Few things in life come close to the emotions you experience when helping others. The rewards for both you and the person or entity you’re assisting are priceless, but many volunteers say they firmly believe they got more out of the act of helping others than the recipients of their good deed.

8. Love Thyself

We briefly touched on this a moment ago, but the importance of liking/loving yourself can’t be stressed enough.

Loving yourself means accepting yourself with all of your flaws and good points. Stop being so critical, embrace a positive outlook, and know that you are beautiful on the inside and out.

9. Developing Interests

Find your passions in life and develop them. Doing things that you love can make you happy.

Happiness, like smiling, is contagious. The more you spread your wings and find out what you’re really about, the more you can feed and nurture what makes you happiest and build self-confidence in the process. Take a class, learn a new language, or find a charity to get involved with. 

10. Letting Go

Sometimes in life, we have a lot of letting go to do. Of course, not everyone is raised the same way, and we don’t all come factory equipped with confidence and self-esteem.

But it’s vital that we can let go of our negative doubts, emotional baggage, and self-defeating attitudes if we’re to ever find peace, happiness, and contentment in our lives. Whatever it is, if it doesn’t serve you in a positive manner, let it go.

Positive Image

What it boils down to is that we’d all like to be seen in a positive light, but we have to understand that people only see us in the light that we project of ourselves to others.

If you’re consumed with appearances and continually asking your inner you questions like “Am I attractive?” or “How attractive am I to others?” you’re undermining your own confidence.

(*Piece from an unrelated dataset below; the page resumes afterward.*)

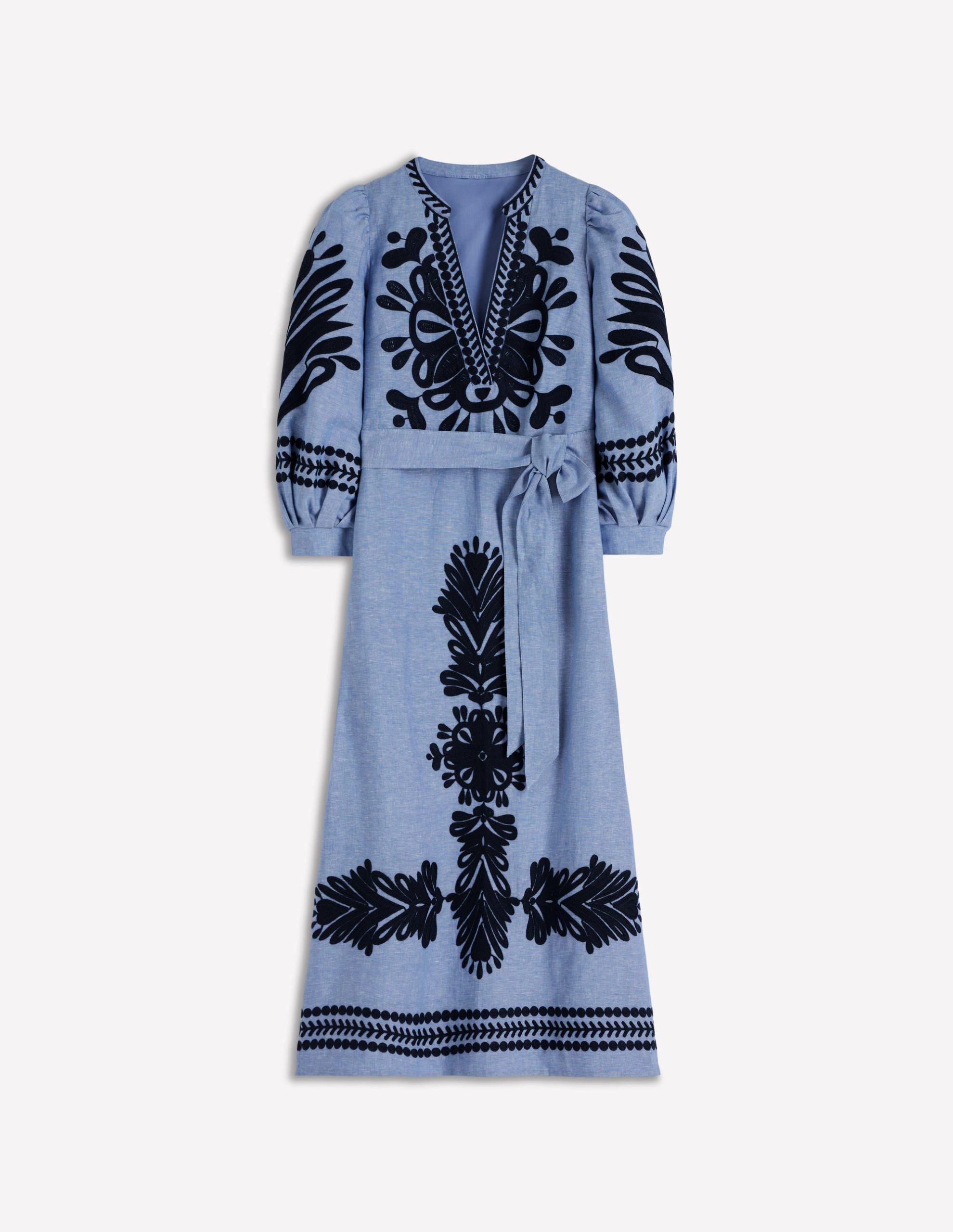 Octavia Linen Dress-Embroidered Chambray
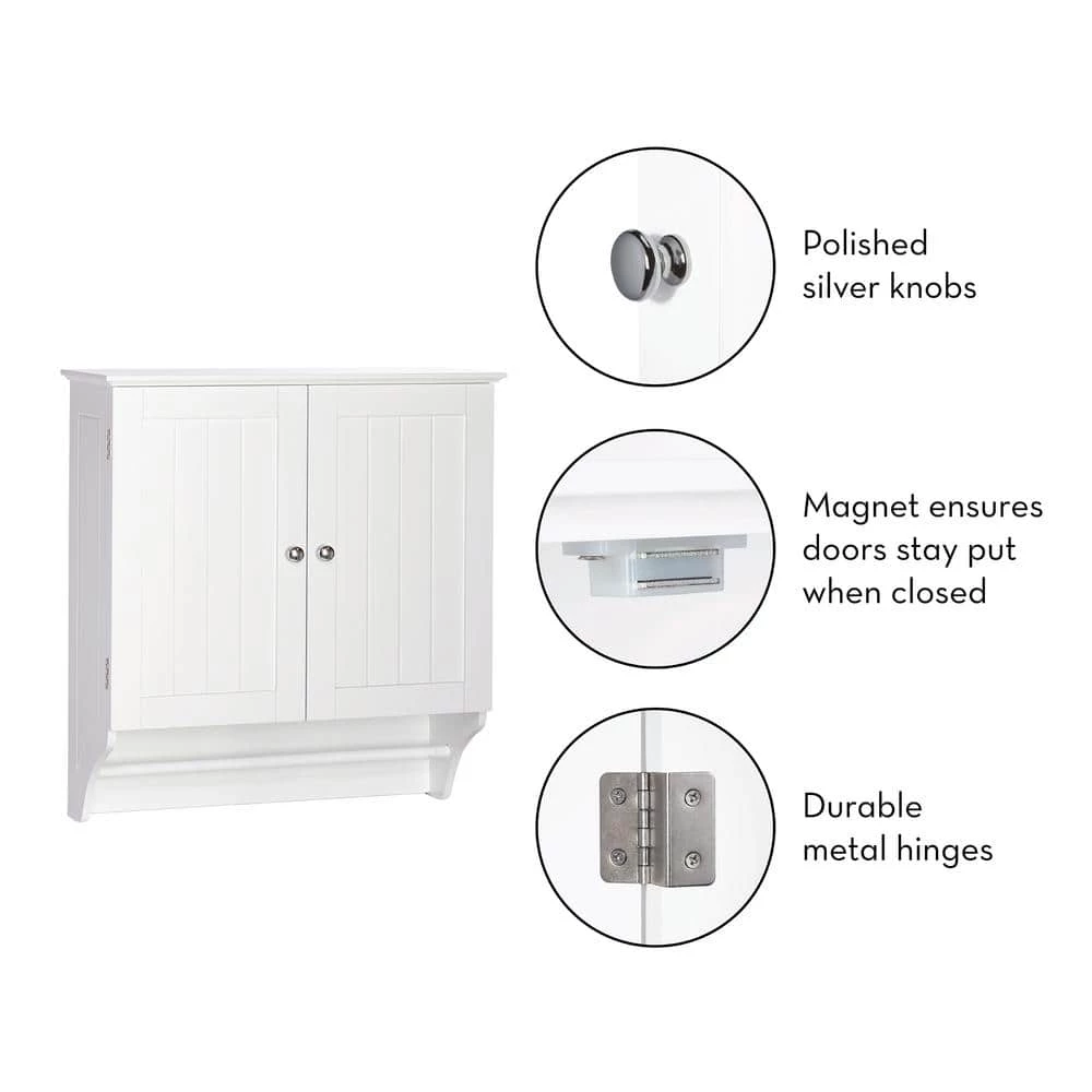 Hide toiletries and other bathroom items behind cabinet doors for a clean presentation with the RiverRidge Home Ashland Collection-Two-Door Wall Cabinet. Traditional design complements many styles of decor. Available in white and gray finish.

Once you can rid yourself of self-defeating thoughts like this, you will feel better about yourself and gain more confidence, which others will recognize in you.

Stop Worrying

Another thing to bear in mind is that as soon as you stop worrying and/or caring about what others think of you, the happier you’ll be and the more confident you’ll become.

When it’s all said and done, it doesn’t matter what anyone else’s opinion about you is, because ultimately, your view is the only one that counts.

So, stop agonizing about am I attractive or not, and just get on with the task of being you—the one that’s good enough just the way he or she is.